Maxout Network amount to Max Pooling Application in neural network .


because Maxout Some neurons will disappear , But every time traning data The difference that disappears , As a result, the length of each activation function is different . Is a learnable activation function .

Adagrad & RMSprop



Local Minimum

Yan Lecun stay 07 Year said , If every dimension has a bottom , that 1000 individual features Namely 1000 A valley bottom , At every bottom p. So that is p**1000. So don't worry about a lot local minimum, Most likely what you find is global Or close to global.
Adam

Early Stopping

there testing set In fact, that is validation set
Regularization

We do regularization When , Don't consider bias, Because our main purpose of regularization is to make the function smoother ,bias Generally no matter smooth , Instead, the function moves up and down .
L2 norm The formula of , We can see w Will multiply by a factor close to 1 Value , therefore w Whether positive or negative , Will continue to approach 0. And because the gradient is subtracted , So this value will keep approaching the following value .L2 In fact, the effect of regularization in neural networks is not SVM good , It's equivalent to a weight decay.
L1 norm It's the absolute value , The derivation of the absolute value is used here sgn, If it's a positive number , The derivative is 1, If it's a negative number , The derivative is -1.
from L1 We can see that , It always ends up subtracting a fixed value ( Blue line section ). and L2 Always by multiplying by one 1 To attenuate .
So if we have a big w, such as w=1000000. This w stay L1 The decrease of is a fixed value every time , So it's slow , Maybe it will be big in the end . But in L2 above , It will drop quickly , Because it's a constant multiplication . So that's why L1 Regularization of , It makes the parameters sparse , yes , we have w It's big , Some tend to 0. and L2 Regularization does not achieve this effect .
Weight Decay

Dropout

Each time for a different mini batch, neural network drop Of neuron Is different .

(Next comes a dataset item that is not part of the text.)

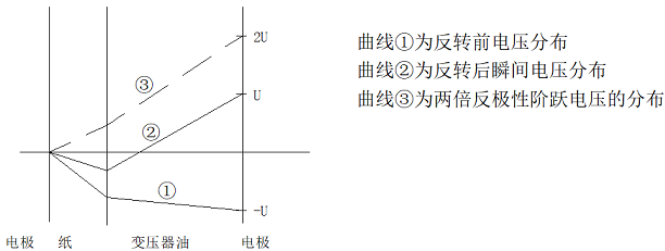 直流的極性反轉(zhuǎn)試驗可視為在穩(wěn)定的直流電壓作用下,突然施加兩倍的反向直流電壓,此時,電場分布為直流電壓下的分布與兩倍反極性階躍電壓下的分布的疊加,變壓器油中的場強(qiáng)出現(xiàn)最大值,并很快衰減至穩(wěn)定直流電壓作用下的場強(qiáng),而紙板中的場強(qiáng)則低于其穩(wěn)定直流電壓作用下的場強(qiáng)。電壓分布見圖1-20。

Testing When , Using all the neurons . And all of w Ducheng 1-p.
Intuitive explain :


Explanation of principle :
Dropout Like the ultimate ensemble. Integrated learning .

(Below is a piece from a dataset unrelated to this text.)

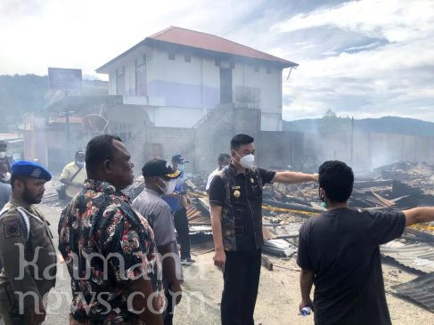 KAIMANANEWS.COM- Bupati Kaimana, Freddy Thie bersama Wakil Bupati, Hasbulla Furuada, Jumat (8/4/2022) menyempatkan diri meninjau lokasi pasca kebakaran yang menghanguskan 7 unit bangunan tempat usaha dan rumah tinggal di Jalan Utarum Krooy.

every time dropout The neural networks are different . But in the end testing When , Will use all the neurons , This is the time w Need to take 1-p
Integrated y The average and y Is approximately equal .
For example, we use linear activation function , You can see these two situations y They are equal. . If not linear activation , The final result is approximate .
边栏推荐
- Learn to crawl for a month and earn 6000 a month? Don't be fooled. The teacher told you the truth about the reptile
- 点云读写(二):读写txt点云(空格分隔 | 逗号分隔)
- [matlab] second order saving response
- 【Uniapp 原生插件】商米钱箱插件
- The second bullet of in-depth dialogue with the container service ack distribution: how to build a hybrid cloud unified network plane with the help of hybridnet
- leetcode 257. Binary Tree Paths 二叉树的所有路径(简单)
- If I take the college entrance examination again, I will study mathematics well!
- 习题8-5 使用函数实现字符串部分复制 (20 分)
- 【Day8 文献泛读】Space and Time in the Child‘s Mind: Evidence for a Cross-Dimensional Asymmetry
- volatile的解构| 社区征文
猜你喜欢

Games-101 Yan Lingqi 5-6 lecture on raster processing (notes sorting)

华为云、OBS、
![Tensorflow [actual Google deep learning framework] uses HDF5 to process large data sets with tflearn](/img/d0/586b9f09dc19d5aaf8ccca687b7b10.jpg)
Tensorflow [actual Google deep learning framework] uses HDF5 to process large data sets with tflearn

The key to the safe was inserted into the door, and the college students stole the mobile phone numbers of 1.1 billion users of Taobao alone

Only three steps are needed to learn how to use low code thingjs to connect with Sen data Dix data

【Day10 文献泛读】Temporal Cognition Can Affect Spatial Cognition More Than Vice Versa: The Effect of ...

想做钢铁侠?听说很多大佬都是用它入门的

Fastapi 5 - common requests and use of postman and curl (parameters, x-www-form-urlencoded, raw)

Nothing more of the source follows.